That’s one of several features designed with chefs in mind—probably high-end chefs, as the price tag for the tablet, which comes bundled with a stand you can place on a counter or mount under a cabinet, is a hefty $399 (although it’s currently on sale for a much more reasonable $199. That’s $30 less than the price of Amazon’s Fire HD 10, which delivers lower specifications.)
The tablet itself is top-shelf, with a crisp, bright 2043x1536-pixel display; an 8-megapixel front and a 13-megapixel rear-facing camera (for high-def food snaps); an 8-core, 2.1GHz processor; 2GB of RAM; 16GB of internal flash storage; an SD Card slot; and an FM radio. Wi-Fi and Bluetooth support are also included. It’s miles beyond the Key Ingredient’s earlier Recipe Tablet.
The Recipe Reader comes with Key Ingredient’s cookbook app, a recipe manager that can actually read directions aloud. I’m not sure that it has enough smarts to pace its read-back with the actual time required for specific actions, though, and you’re out of luck for directions that aren’t completely sequential. (Key Ingredient acknowledges the reader can’t handle all situations.)
You also get a kitchen timer app that lets you set times for several dishes (with the iPad’s clock feature, I can only set a single timer) and a weight and volume conversion app (which is handy if you want to use recipes from websites that use the metric system, but then why not add Centigrade/Fahrenheit conversion too). You can download additional apps from Amazon’s app store.
The Recipe Reader also hooks you into Key Ingredient’s website, which offers access to thousands if not millions of recipes, curated by Key Ingredient community members. You must create a free account to post and save recipes to your own custom cookbooks, but on the tablet you can only do this by typing them in or becoming a Prime member, a $20-per-year extra that (among other things) gives you access to a service for digitizing printed or handwritten recipes. You get one year of Prime membership free with your purchase of the Recipe Reader, but I had to contact Key Ingredient to activate it, apparently due to a bug. (In case you were wondering, Key Ingredient’s Prime membership is not at all related to Amazon Prime.)
Visit the Key Ingredient website and you can add recipes via a nifty Cookmark feature, a button that you can drag and drop to your bookmarks and activate by clicking when the browser is showing a recipe you like. This creates a cookbook entry that you can edit and save.
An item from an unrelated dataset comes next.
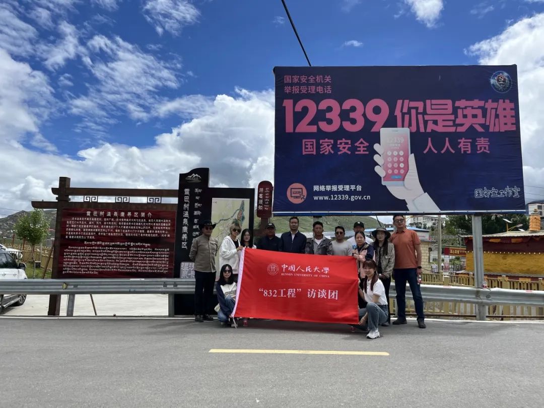 ▲访谈团合影于雪巴村温泉康养区
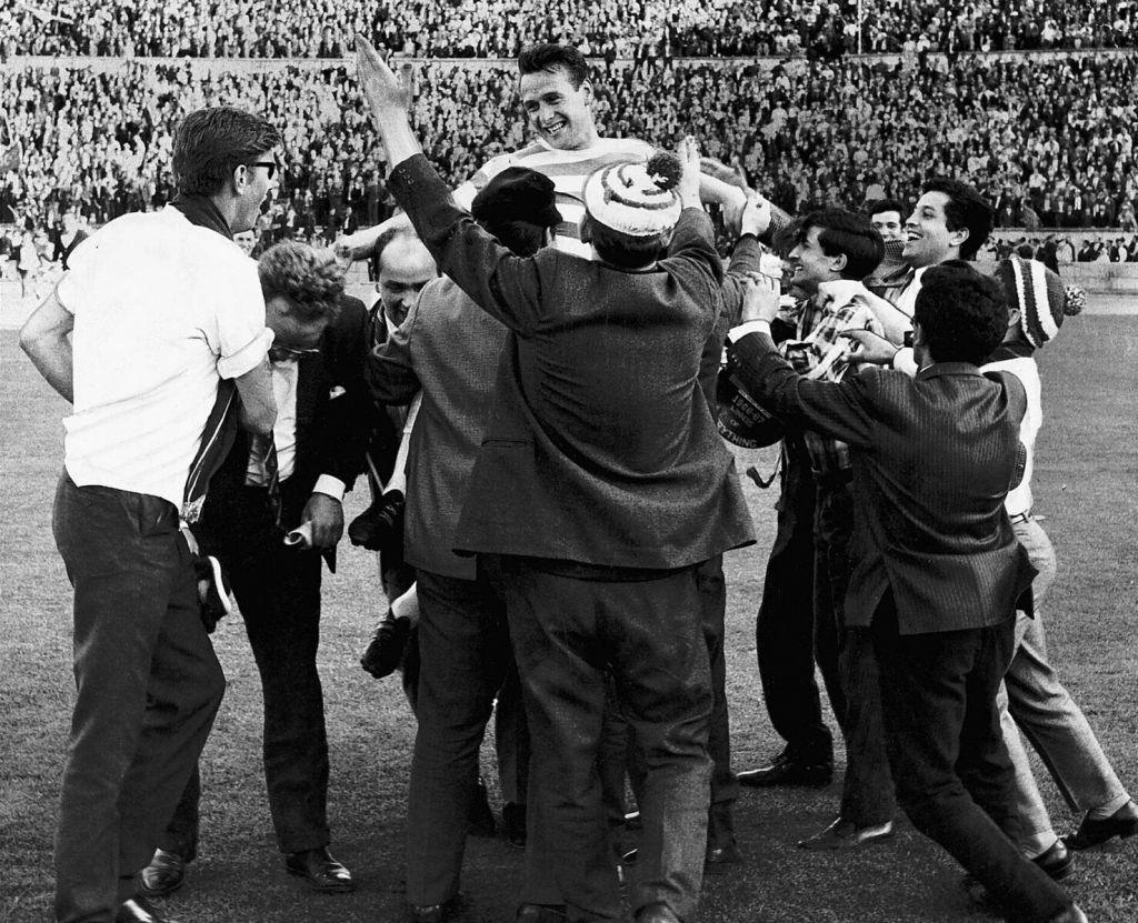 Celtic’s fast-paced attacking style eventually proved too much for the more cynical, defensive approach of the Italian champions. Inter took an early lead through Alessandro Mazzola’s penalty before Celtic twice hit the crossbar among their 39 other attempts on goal, eventually wearing the 11-man defence down with goals from Tommy Gemmell and Steve Chalmers.

You don’t have to pay for this feature, and the saved recipe will show up on the tablet app.
The Key Ingredient tablet certainly offers attractive value adds—my personal faves are the multi-dish timer and the bundled stand—and the hardware is first-rate. But I’m disappointed that Key Ingredient hasn’t figured out a way to import the digitized recipes I’ve already collected over the years in other apps and in text files.
Cuisine enthusiasts who don’t already have access to a spare tablet for kitchen use should take a look at the Key Ingredient Receipe Reader HD+. I think it’s a useful tool and would make a great gift for a tech-savvy chef—especially while it’s discounted to $199. Making a buy recommendation at its regular $399 price point would be a lot tougher.